▼

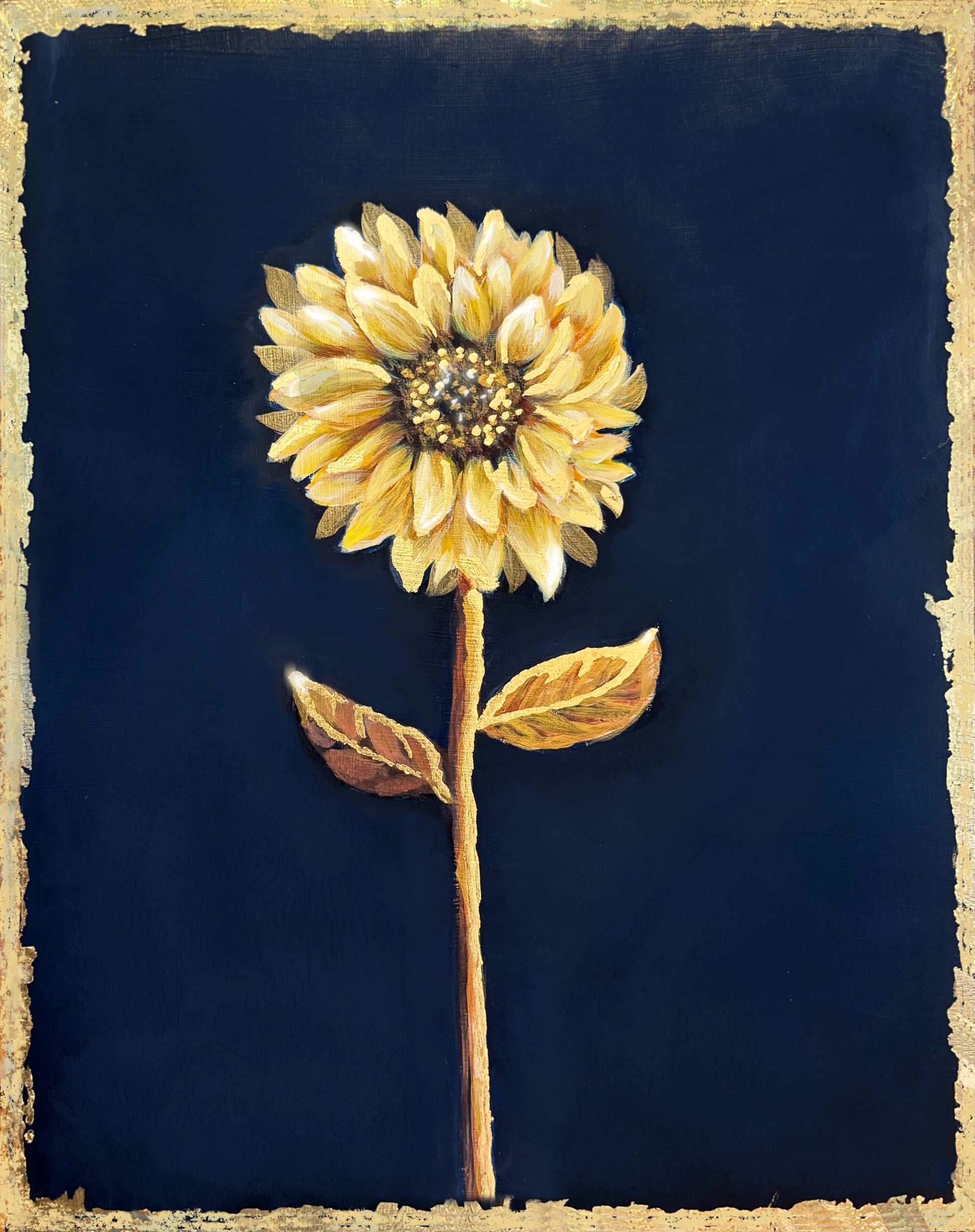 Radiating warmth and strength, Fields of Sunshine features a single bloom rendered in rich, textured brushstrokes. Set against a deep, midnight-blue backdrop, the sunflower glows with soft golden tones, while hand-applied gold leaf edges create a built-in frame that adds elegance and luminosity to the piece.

▲
▼

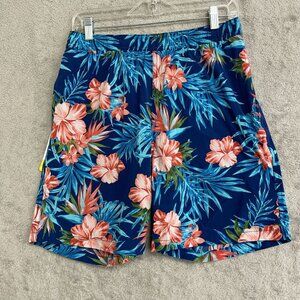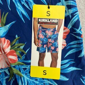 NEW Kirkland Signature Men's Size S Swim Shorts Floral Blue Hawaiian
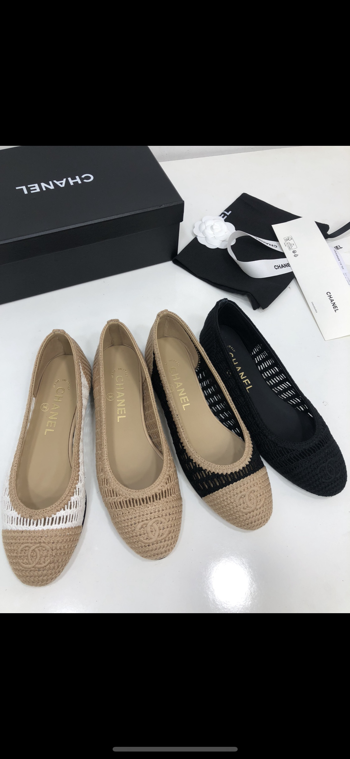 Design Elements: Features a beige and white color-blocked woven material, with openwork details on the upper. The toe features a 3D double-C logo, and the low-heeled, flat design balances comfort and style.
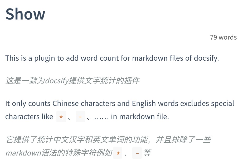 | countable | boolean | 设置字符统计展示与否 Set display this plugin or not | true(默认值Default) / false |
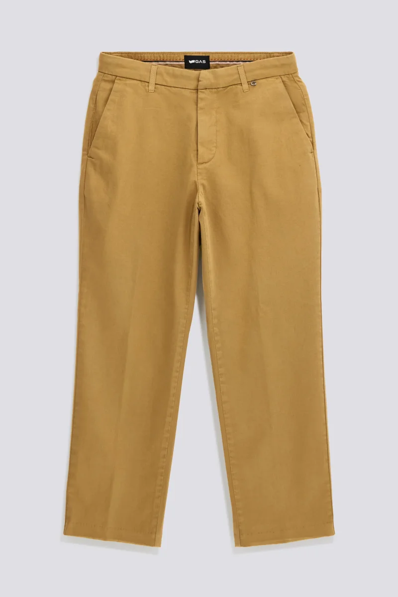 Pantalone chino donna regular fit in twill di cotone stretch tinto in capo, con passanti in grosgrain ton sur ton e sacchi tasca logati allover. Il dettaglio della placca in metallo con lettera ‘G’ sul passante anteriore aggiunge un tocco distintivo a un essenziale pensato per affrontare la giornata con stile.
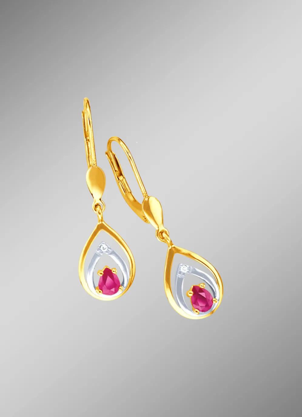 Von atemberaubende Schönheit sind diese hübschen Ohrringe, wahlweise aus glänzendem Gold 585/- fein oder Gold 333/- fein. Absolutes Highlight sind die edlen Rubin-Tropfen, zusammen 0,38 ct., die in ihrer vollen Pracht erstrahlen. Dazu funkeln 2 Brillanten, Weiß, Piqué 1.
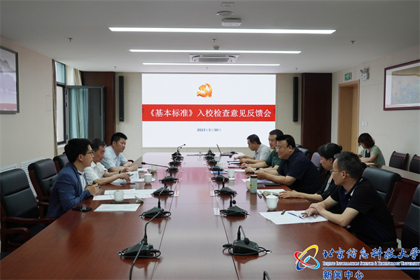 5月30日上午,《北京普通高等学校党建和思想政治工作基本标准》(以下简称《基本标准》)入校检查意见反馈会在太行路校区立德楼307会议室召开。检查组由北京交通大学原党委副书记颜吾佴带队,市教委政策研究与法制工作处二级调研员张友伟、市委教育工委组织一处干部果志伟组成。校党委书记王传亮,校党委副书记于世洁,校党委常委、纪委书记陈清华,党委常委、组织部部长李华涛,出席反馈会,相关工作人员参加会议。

▲
▼

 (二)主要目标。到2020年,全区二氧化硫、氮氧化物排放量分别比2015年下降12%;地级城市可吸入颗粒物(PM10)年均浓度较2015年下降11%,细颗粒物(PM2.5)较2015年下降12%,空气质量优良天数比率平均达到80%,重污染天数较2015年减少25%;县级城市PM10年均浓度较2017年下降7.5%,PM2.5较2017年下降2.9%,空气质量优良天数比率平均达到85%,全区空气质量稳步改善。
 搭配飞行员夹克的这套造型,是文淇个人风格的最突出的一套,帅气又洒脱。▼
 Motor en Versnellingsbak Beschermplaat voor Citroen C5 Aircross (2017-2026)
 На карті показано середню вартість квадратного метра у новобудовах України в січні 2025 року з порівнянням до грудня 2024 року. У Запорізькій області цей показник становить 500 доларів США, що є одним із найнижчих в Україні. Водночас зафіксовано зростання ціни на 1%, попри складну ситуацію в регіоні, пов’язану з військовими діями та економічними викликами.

▲

Within the listing above, the range opens at the line with "Motor en Versnellingsbak" and closes at the line with "На карті показано". Reproduce exactly the lines of that range, including both ends.

 Motor en Versnellingsbak Beschermplaat voor Citroen C5 Aircross (2017-2026)
 На карті показано середню вартість квадратного метра у новобудовах України в січні 2025 року з порівнянням до грудня 2024 року. У Запорізькій області цей показник становить 500 доларів США, що є одним із найнижчих в Україні. Водночас зафіксовано зростання ціни на 1%, попри складну ситуацію в регіоні, пов’язану з військовими діями та економічними викликами.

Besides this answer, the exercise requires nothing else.